Analytical Gel Filtration
The hydrodynamic behavior of the recombinant purified protein has been investigated by gel-filtration chromatography carried out in the same conditions and with the same equipment described in Brocca et al. (2009).
Synthetic Peptides and Surface Plasmon Resonance Assays
Peptides corresponding to Whi5Sc motif 1 (motif 1, residues 136–162), phosphorylated motif 1 (phospho-motif 1, same sequence of motif 1, with phosphorylation at positions 143, 154, 156, and 161), and motif 3 (motif 3, residues 245–267) were chemically synthesized (Primm, Milano, Italy) and used in Surface Plasmon Resonance (SPR) experiments (Malmqvist, 1999; Rich and Myszka, 2000), carried out with a BIAcore X system (GE Healthcare). A carboxymethylated dextran matrix pre-immobilized with streptavidin (Sensor Chip SA, BIAcore, GE Healthcare) was used for immobilization of biotinylated motif 3. A surface density of ~1000 resonance units was generated. Reference cell was saturated with biotin. Two different immobilized chips were assayed to verify the reproducibly of the binding assays. Analytes of binding assays were phospho-motif 1 and motif 1, in a range of concentrations spanning from 20 to 340 μM. All experiments were performed in HBS-EP buffer (BIAcore, GE Healthcare) maintaining a flow rate of 5 μl/min. At least four concentrations of each analyte were tested twice. Surface regeneration was accomplished by injecting 100 mM NaCl (30 sec contact) two or three times. Thermodynamic parameters of the interactions, such as KD, were derived by simultaneous fitting of binding curves obtained with different concentrations of analyte, using BIAevaluation 4.1 software.

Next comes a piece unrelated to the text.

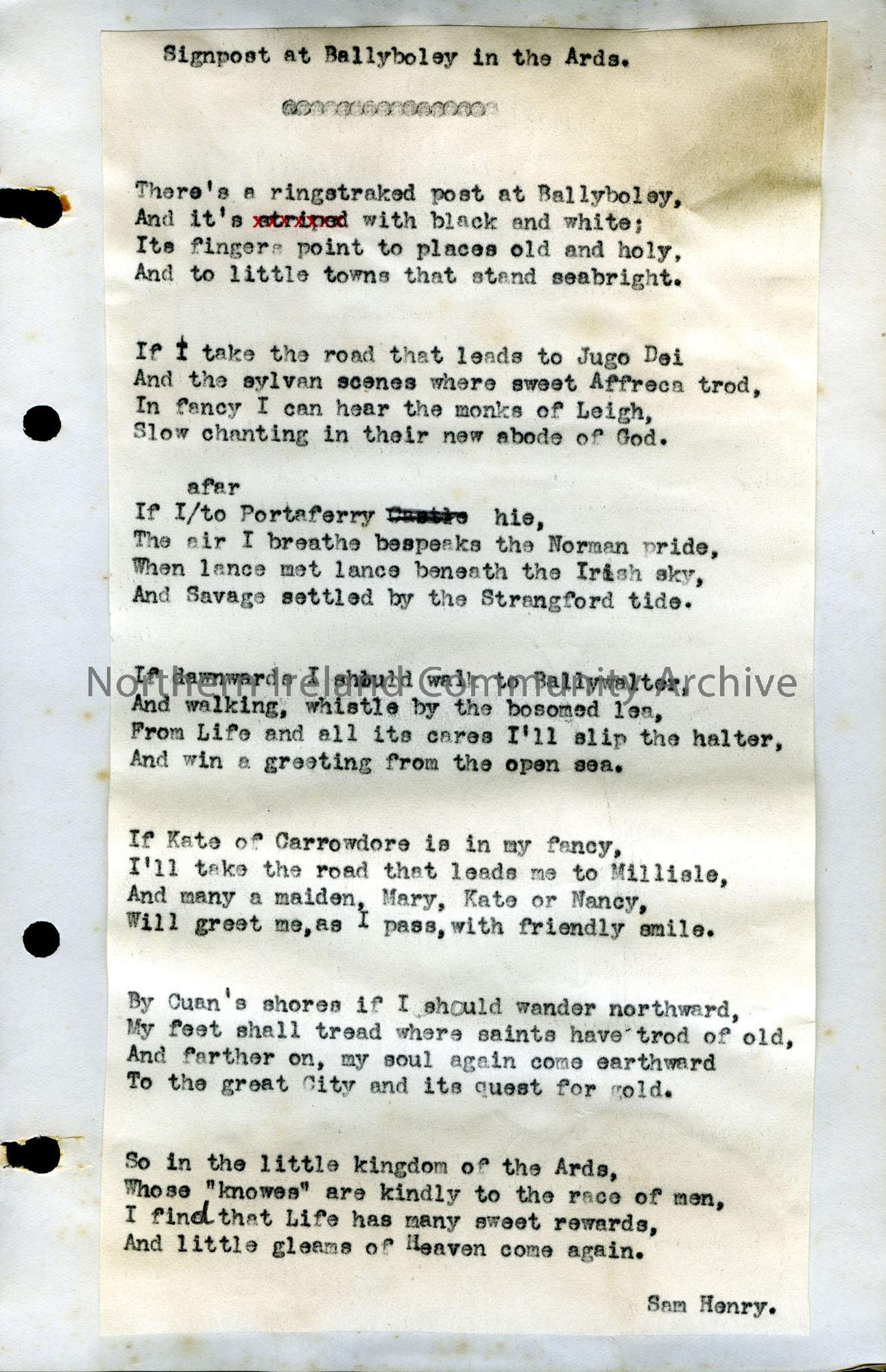 Typed poem or words to song by Sam Henry, titled ‘Signpost at Ballyboley in the Ards’.

Bioinformatic Analyses of Whi5 and Rb
All the bioinformatic tools used are readily accessible through the relevant websites, and listed in Table S1; for each predictor/tool, the default settings were used, unless otherwise stated.
The secondary structure of Whi5Sc was analyzed by the algorithms PSIPRED, JNET, and TRANSSEC from the server Proteus 2.0. The relative disorder was analyzed by the Composition Profiler (Vacic et al., 2007). The fractional difference in amino acid composition was calculated for Whi5Sc and for a set of IDPs (Disprot 3.4) from the DisProt database (Sickmeier et al., 2007) relative to a reference set of ordered, globular proteins (Swissprot 51). The fractional difference is calculated as (CX-Corder)/Corder, where CX is the content in a given amino acid of Whi5Sc (or of the set of IDPs) and Corder is the corresponding value in the set of ordered proteins. Negative fractional difference indicates depletion, while positive difference indicates enrichment in the corresponding amino acid. Amino acids are arranged on the x axis from the most rigid to the most flexible according to the Vihinen's flexibility scale (Vihinen, 1987). In the charge-hydropathy (CH) plot, also called Uversky's plot, natively unfolded proteins are specifically localized within a specific region of CH space, and separated from structured ones by a linear boundary (Uversky et al., 2000). The solid line representing the border between intrinsically unstructured and native proteins has the equation: 〈q〉 = 2.785〈H〉−1.151, where 〈H〉 is the mean hydrophobicity and 〈q〉 the mean net charge. The position of Whi5Sc in a CH plot was obtained using its amino acid sequence as a query and running the prediction from the server Predictor of Naturally Disordered Regions (PONDR). We predicted the structural disorder of Whi5 and Rb with different neural networks. PONDR-FIT is a meta-predictor that integrates outputs of six different disorder predictors (Xue et al., 2010) and is available from the platform of DisProt. From the same platform we did access to the VSL2B predictor (Obradovic et al., 2005; Peng et al., 2006). VSL2 combines two predictors optimized for the recognition of short and long disordered regions and can be considered one of most advanced predictors based on the concept that short disordered regions are context-dependent, while long disordered regions are entirely defined by their own amino acid composition (Obradovic et al., 2005; Peng et al., 2006). Similarly to VSL2, PONDR® VL3-BA was used to accurately predict long disordered regions.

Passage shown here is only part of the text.